## TASK GOAL:
Output, exactly as written, the lines below from the one that has "Beskrivning: Ån Vuojatätno" through the one that has "- Erinn wears"; nothing else, and no pictures.

## MATERIAL FOR THIS EXERCISE:
-- Opening Marker --

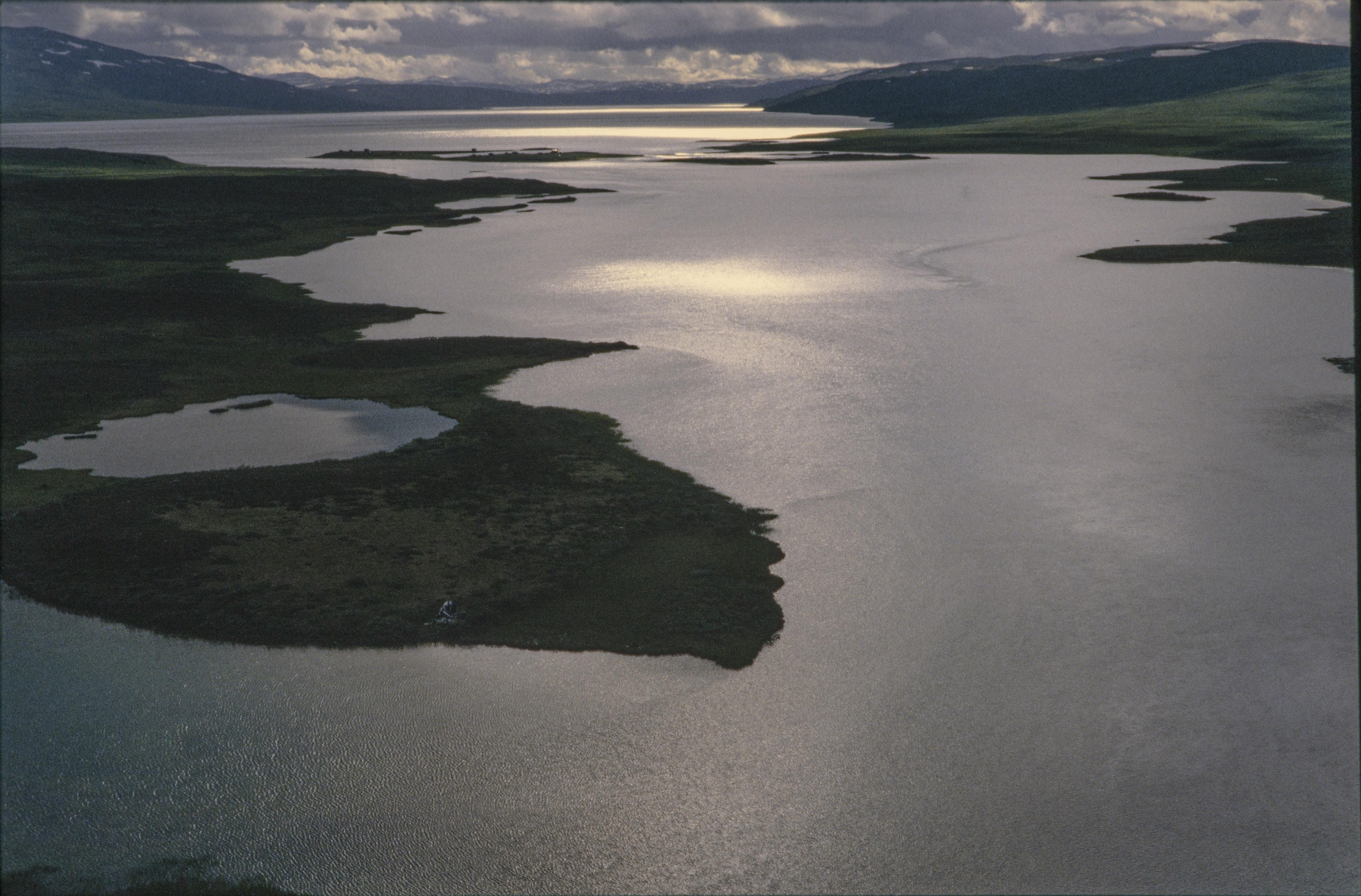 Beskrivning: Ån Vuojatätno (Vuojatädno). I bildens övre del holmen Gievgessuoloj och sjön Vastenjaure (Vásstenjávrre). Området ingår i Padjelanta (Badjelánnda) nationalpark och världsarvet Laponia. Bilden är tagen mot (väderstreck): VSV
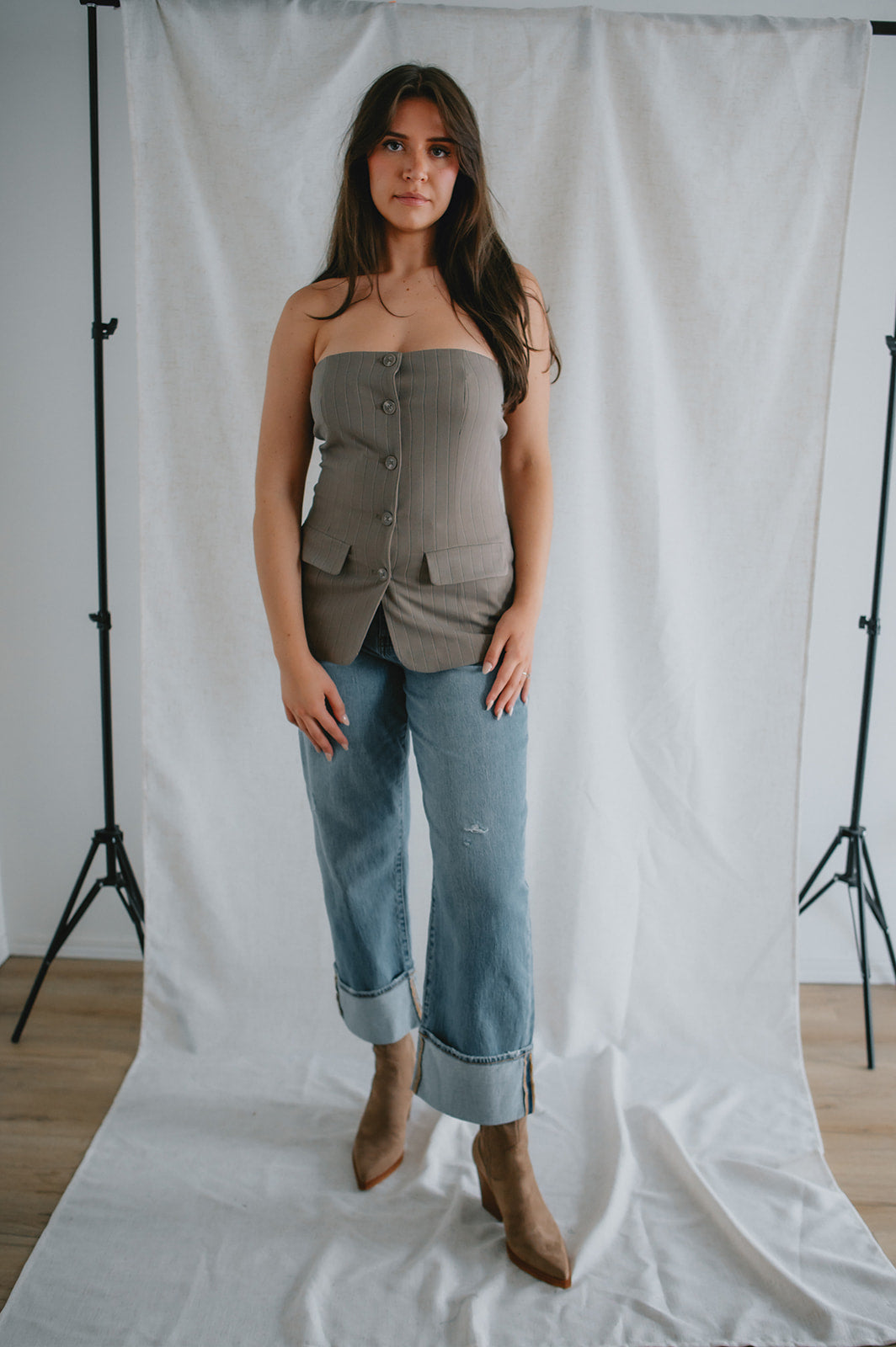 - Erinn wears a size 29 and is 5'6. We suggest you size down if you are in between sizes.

-- Closing Marker --
-- Opening Marker --

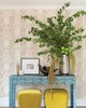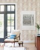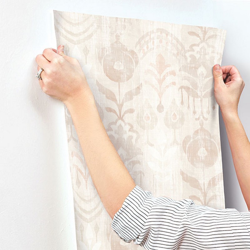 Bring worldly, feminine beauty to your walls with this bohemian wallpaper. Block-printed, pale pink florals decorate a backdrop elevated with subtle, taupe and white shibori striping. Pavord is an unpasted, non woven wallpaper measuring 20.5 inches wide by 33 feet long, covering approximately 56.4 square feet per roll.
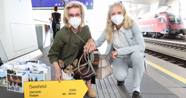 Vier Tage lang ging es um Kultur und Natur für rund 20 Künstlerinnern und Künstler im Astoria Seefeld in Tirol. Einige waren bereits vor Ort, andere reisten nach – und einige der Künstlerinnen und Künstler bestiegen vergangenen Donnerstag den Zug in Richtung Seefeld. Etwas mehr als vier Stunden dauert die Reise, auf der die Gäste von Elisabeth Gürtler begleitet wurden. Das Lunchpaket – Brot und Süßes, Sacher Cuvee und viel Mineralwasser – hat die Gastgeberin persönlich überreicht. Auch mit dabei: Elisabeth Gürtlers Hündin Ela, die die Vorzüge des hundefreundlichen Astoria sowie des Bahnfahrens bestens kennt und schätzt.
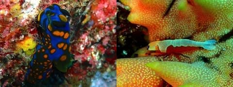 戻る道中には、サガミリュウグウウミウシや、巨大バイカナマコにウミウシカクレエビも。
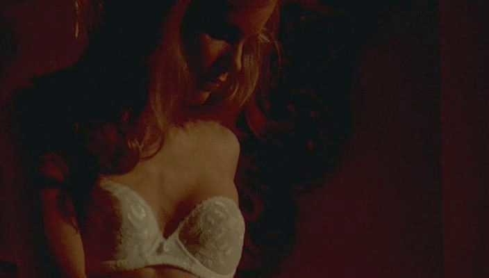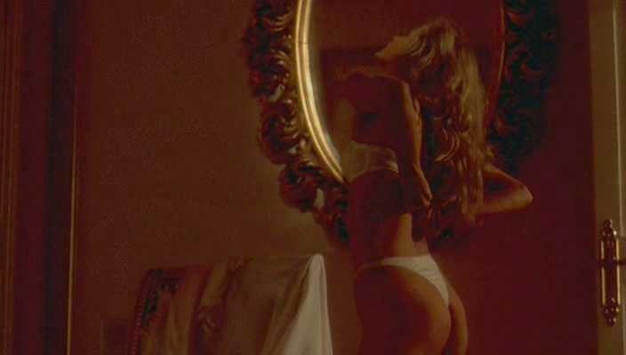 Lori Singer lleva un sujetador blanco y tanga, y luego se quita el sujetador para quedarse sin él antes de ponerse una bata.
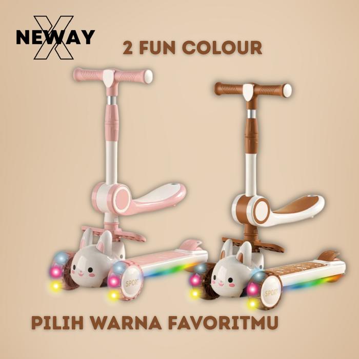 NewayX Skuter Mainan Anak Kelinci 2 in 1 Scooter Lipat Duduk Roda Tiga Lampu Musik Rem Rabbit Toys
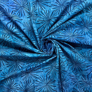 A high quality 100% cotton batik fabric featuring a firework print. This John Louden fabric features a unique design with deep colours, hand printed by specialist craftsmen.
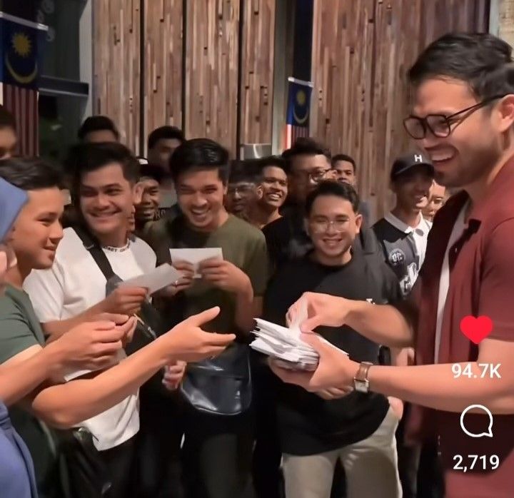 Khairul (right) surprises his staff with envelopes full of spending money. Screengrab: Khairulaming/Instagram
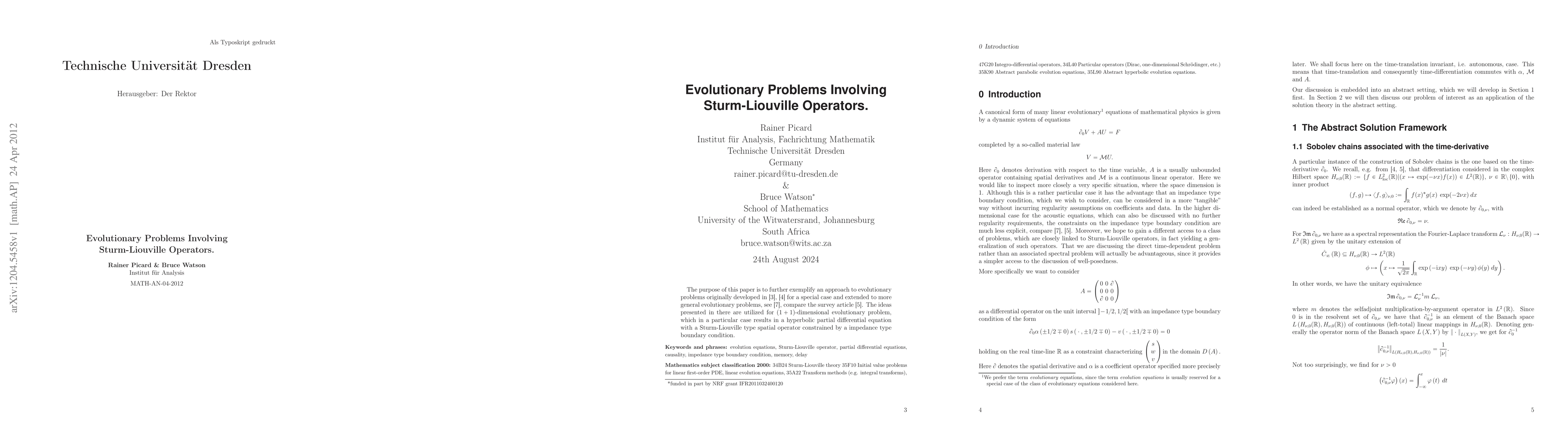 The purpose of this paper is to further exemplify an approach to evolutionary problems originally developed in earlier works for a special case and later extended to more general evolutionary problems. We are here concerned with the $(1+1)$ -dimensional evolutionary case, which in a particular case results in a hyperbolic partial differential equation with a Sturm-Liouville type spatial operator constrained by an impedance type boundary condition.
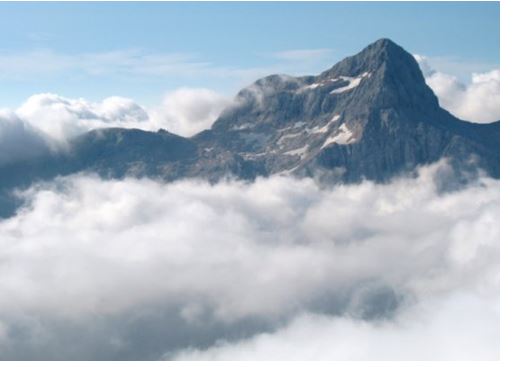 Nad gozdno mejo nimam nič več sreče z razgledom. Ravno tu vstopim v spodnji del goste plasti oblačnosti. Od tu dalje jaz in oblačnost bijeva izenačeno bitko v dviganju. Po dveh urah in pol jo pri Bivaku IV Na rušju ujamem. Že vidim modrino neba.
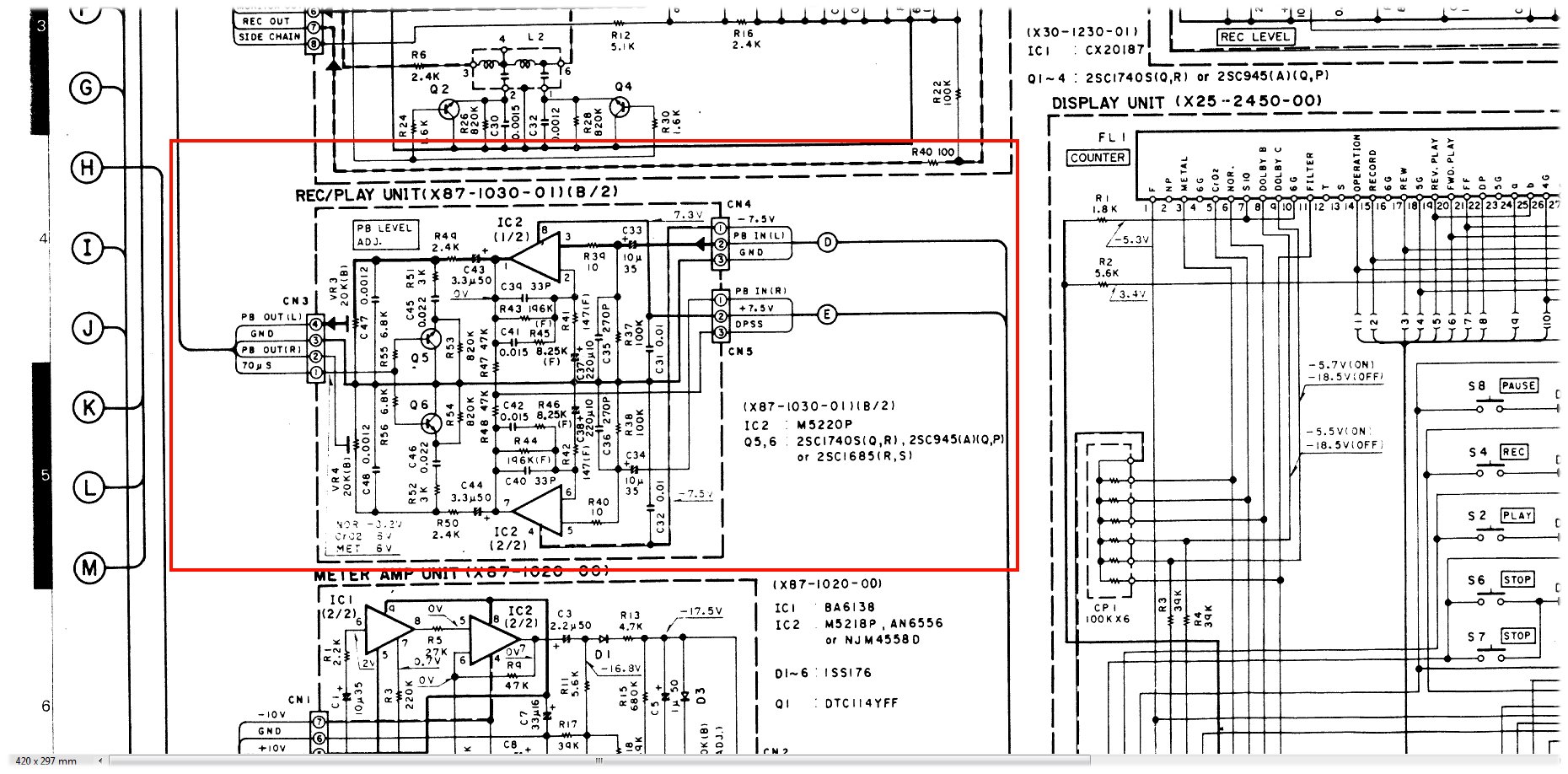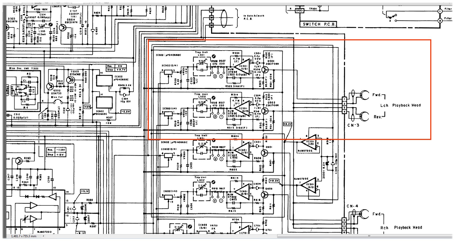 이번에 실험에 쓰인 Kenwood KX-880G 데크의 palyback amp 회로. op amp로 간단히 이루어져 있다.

-- Closing Marker --
-- Opening Marker --

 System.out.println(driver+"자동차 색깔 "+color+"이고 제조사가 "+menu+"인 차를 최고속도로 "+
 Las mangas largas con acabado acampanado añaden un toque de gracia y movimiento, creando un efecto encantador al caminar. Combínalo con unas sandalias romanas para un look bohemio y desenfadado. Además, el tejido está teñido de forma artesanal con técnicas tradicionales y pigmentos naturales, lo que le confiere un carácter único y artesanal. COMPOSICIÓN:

-- Closing Marker --

## EXERCISE SOLUTION:
 Beskrivning: Ån Vuojatätno (Vuojatädno). I bildens övre del holmen Gievgessuoloj och sjön Vastenjaure (Vásstenjávrre). Området ingår i Padjelanta (Badjelánnda) nationalpark och världsarvet Laponia. Bilden är tagen mot (väderstreck): VSV
 - Erinn wears a size 29 and is 5'6. We suggest you size down if you are in between sizes.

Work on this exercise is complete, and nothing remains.